• What is being asked:
The reply must consist of the lines from the first line of the records through the line containing "皇后繁忙杂区甲店招大工小工及", copied exactly, with every picture omitted.

• Listed entries:

───

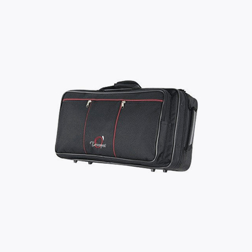 Estojos de poliéster plastificados, acolchoados, forro de veludo, preenchidos com poliuretano, mochila acoplável, bolsos e duas alças.
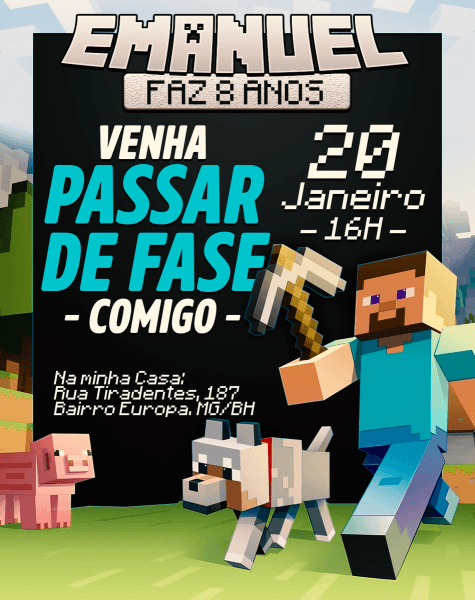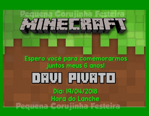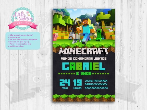 Convite Digital . Compre Convite Digital - Minecraft no Elo7 por R$ 20,00 | Encontre mais produtos de Convites de Aniversário e Convites parcelando em até 12 vezes | ************************************
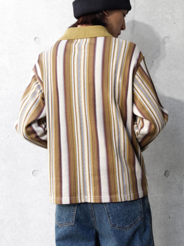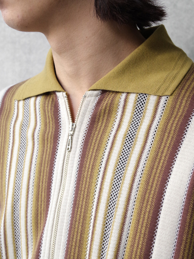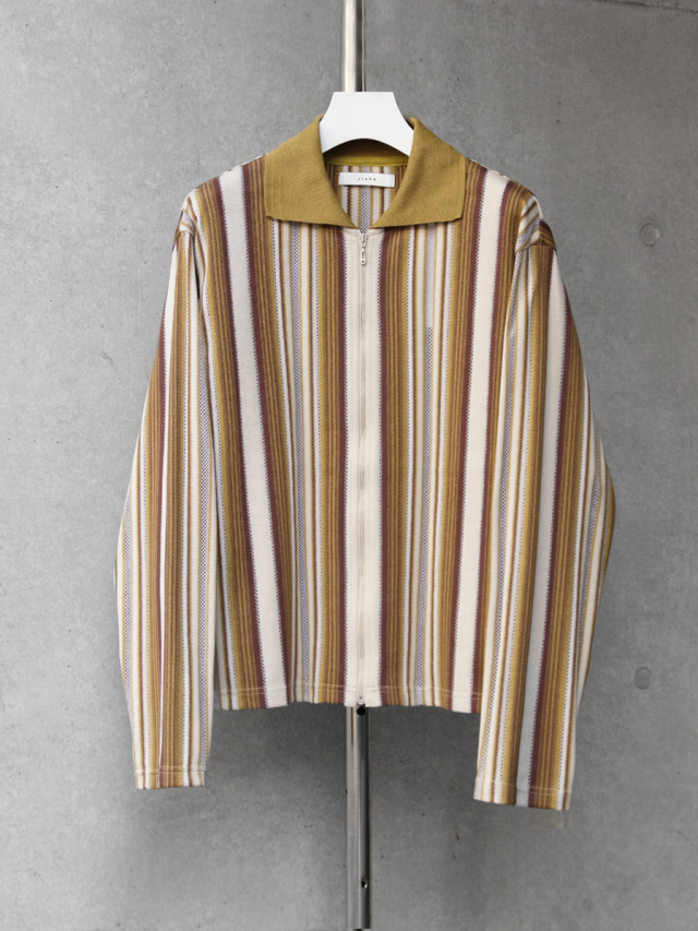 シャツとニットを合わせた様な使い勝手で、カーディガンとしてさらっと羽織った着こなしもおすすめ。フロントはジップアップ仕様で、水平に切り替えられた単色の襟が印象を引き締めます。
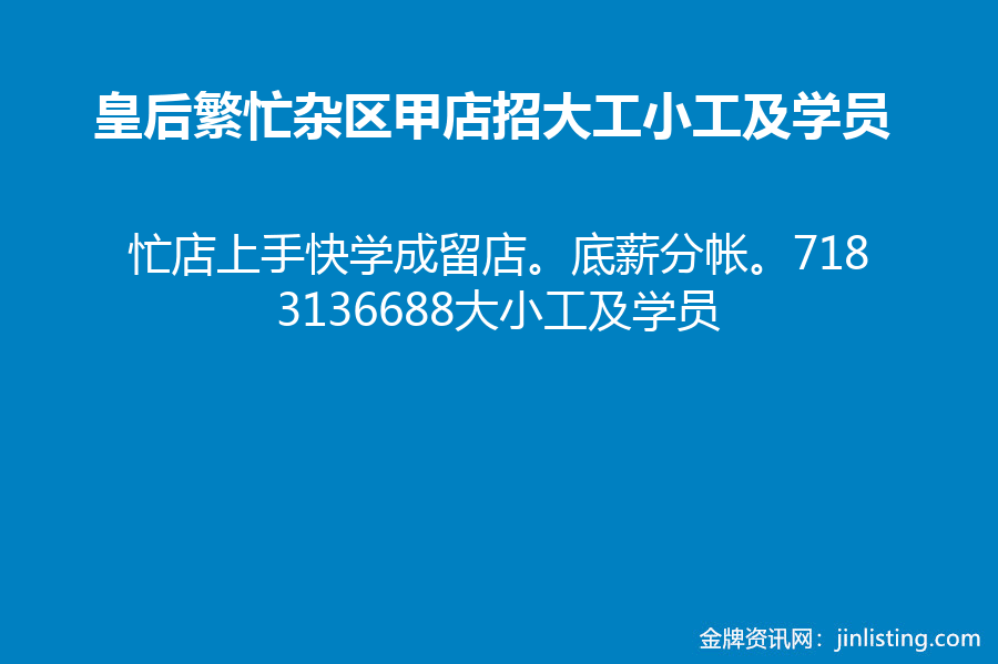 皇后繁忙杂区甲店招大工小工及学员忙店上手快学成留店。底薪分帐。7183136688大小工及学员
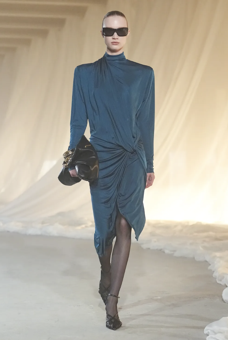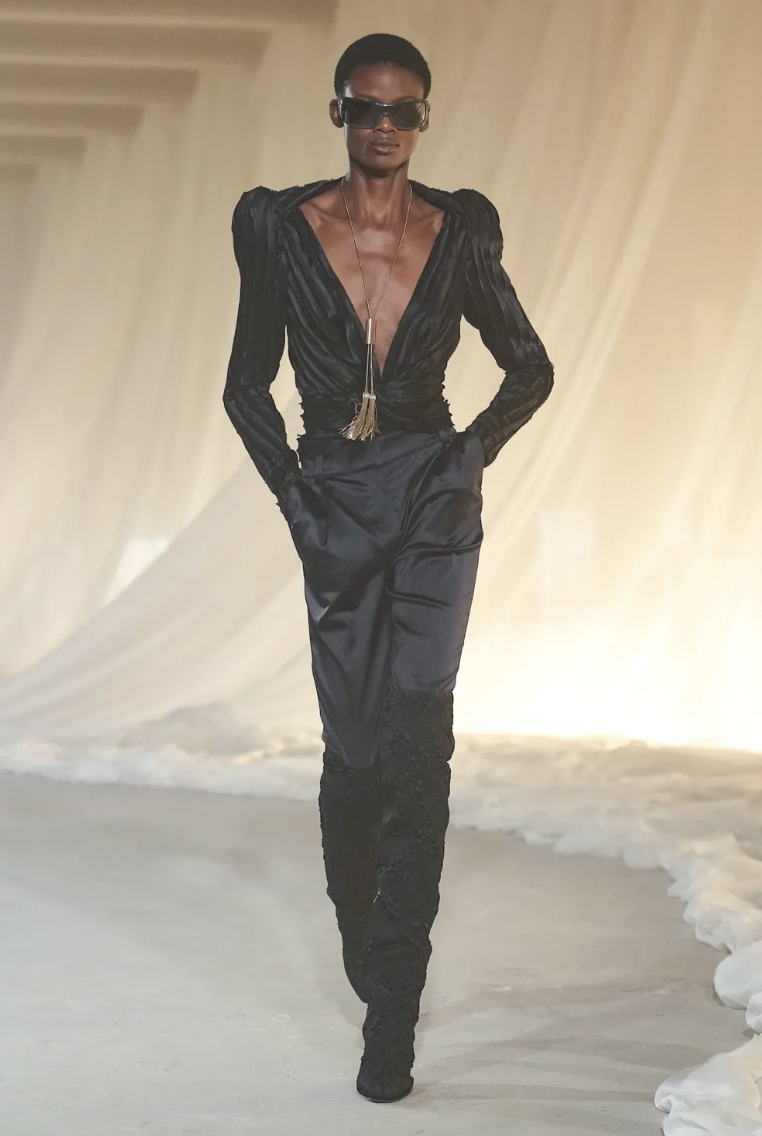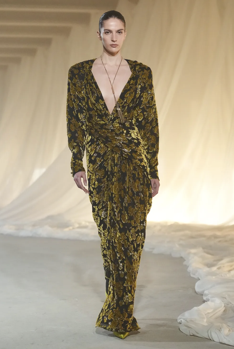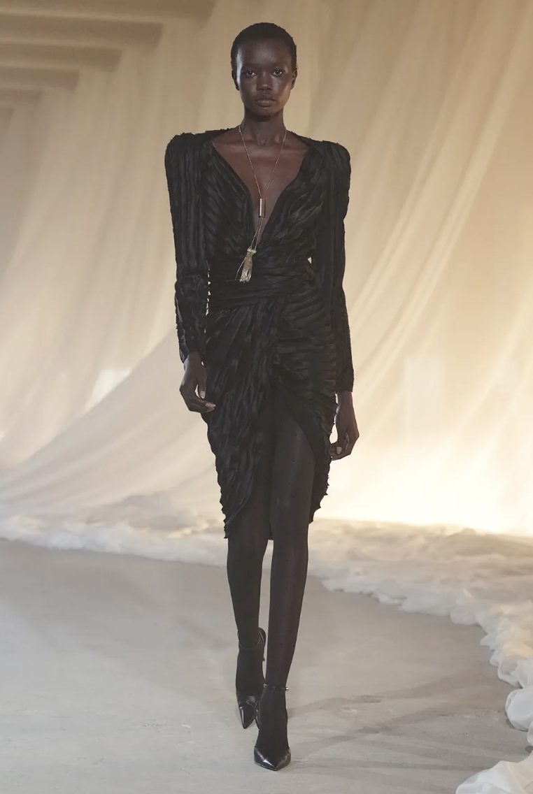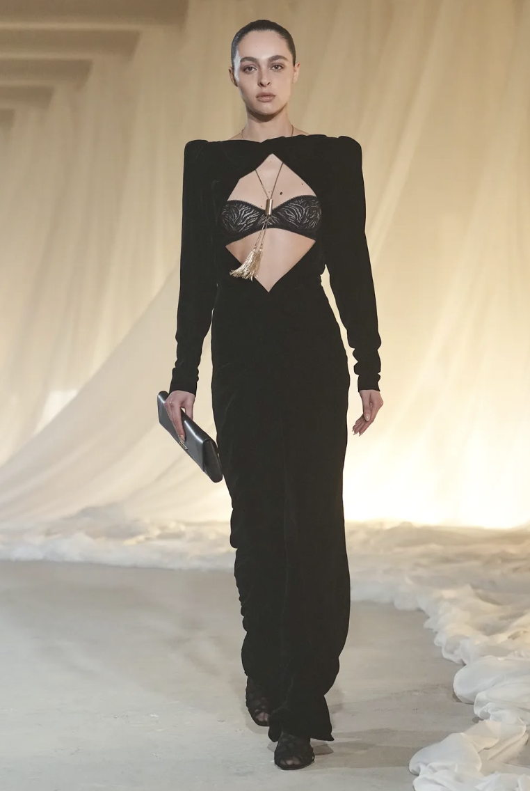 Para equilibrar la rigidez de la sastrería, Rousteing introdujo conjuntos que fluyen con cada paso. Un diseño destacado en terciopelo color chocolate presenta caídas asimétricas que aportan un aire de misterio y sensualidad controlada. Este look ejemplifica la versatilidad de la propuesta otoñal, ofreciendo alternativas que transitan con facilidad del rigor del día a la magia de la noche parisina.

───

• Written reply:
 Estojos de poliéster plastificados, acolchoados, forro de veludo, preenchidos com poliuretano, mochila acoplável, bolsos e duas alças.
 Convite Digital . Compre Convite Digital - Minecraft no Elo7 por R$ 20,00 | Encontre mais produtos de Convites de Aniversário e Convites parcelando em até 12 vezes | ************************************
 シャツとニットを合わせた様な使い勝手で、カーディガンとしてさらっと羽織った着こなしもおすすめ。フロントはジップアップ仕様で、水平に切り替えられた単色の襟が印象を引き締めます。
 皇后繁忙杂区甲店招大工小工及学员忙店上手快学成留店。底薪分帐。7183136688大小工及学员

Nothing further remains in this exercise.